Even before she started her present job as Diversity and Inclusion Representative for Westar Energy, on Kansas Avenue, she was a big fan of Topeka’s downtown. She says she would bring her kids there to look at the buildings, which she found “charming and quaint,” particularly at dusk. “There’s a time of the day where the sun hits the buildings and the roads get pink,” she says.

Soon, De La Isla became affiliated with people promoting downtown revitalization. They took her under their wing because they had heard of the work she was doing with MANA de Topeka’s Hermanitas mentorship initiatives and were eager to gain perspectives from younger Topekans. De La Isla started attending city council meetings and invited one of her young program participants to testify at a meeting about improving downtown. That student took it upon herself to survey 100 of her classmates at Shawnee Heights High School. The Topeka Capital-Journal reported that of those 100, 73 thought the capital was “boring,” and needed “a lot of interesting stuff” to enhance the downtown.

The council voted that night to approve the initial $5 million to start downtown revitalization. De La Isla says that moment was so significant that she decided she wanted to be mayor. Her neighbor Larry Wolgast, however, was making a bid for mayor, so she instead ran for his open city council seat, won it and served for four years before launching her mayoral campaign when Wolgast decided not to seek a second term.

A single mother and mayor, De La Isla also holds a full-time job in Topeka

A single mother and mayor, De La Isla also holds a full-time job in Topeka

The single mother is juggling the mayor’s responsibilities along with her full-time job at Westar Energy. She notes that the past two mayors were retired, thus having fewer working-hour duties outside city hall. But De La Isla has a calculus that allows her to meet her obligations. Her days start early, with evenings often including events and ribbon-cuttings, and her weekends are “very heavy with the city.”

De La Isla has an infectious enthusiasm for the city. “There’s some magic happening in this community right now,” she says. She has high praise for the city manager, the county partners as well as the city’s plan, Momentum 2022, to address economic inequality and quality-of-life issues in the city.

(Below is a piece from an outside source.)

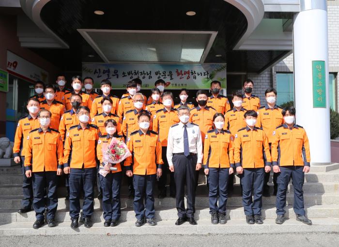 (안동119=경북온뉴스) 김승진 기자 = 신열우 소방청장이 지난 21일 안동시 임동면 망천리 일대 발생한 대형 산불 진압에 힘쓴 직원들을 격려하고자 26일 안동소방서를 방문했다.

Kim Morse, a history professor at Washburn who started working with De La Isla through MANA de Topeka and the Hermanitas conferences, says that De La Isla is “completely passionate about Topeka and dedicated to Topeka. But she does it in an extremely thoughtful way—inside-out and bottom-up— and then she makes an educated response.”

Espinoza says De La Isla “loves Topeka and wants people to know Topeka loves them back.”

For her part, De La Isla says she likes to tell people that it was only in Topeka where she fulfilled her dreams and became who she wanted to be. But, she will also add, “I never lose sight that I am still the kid who grew up with all the challenges.”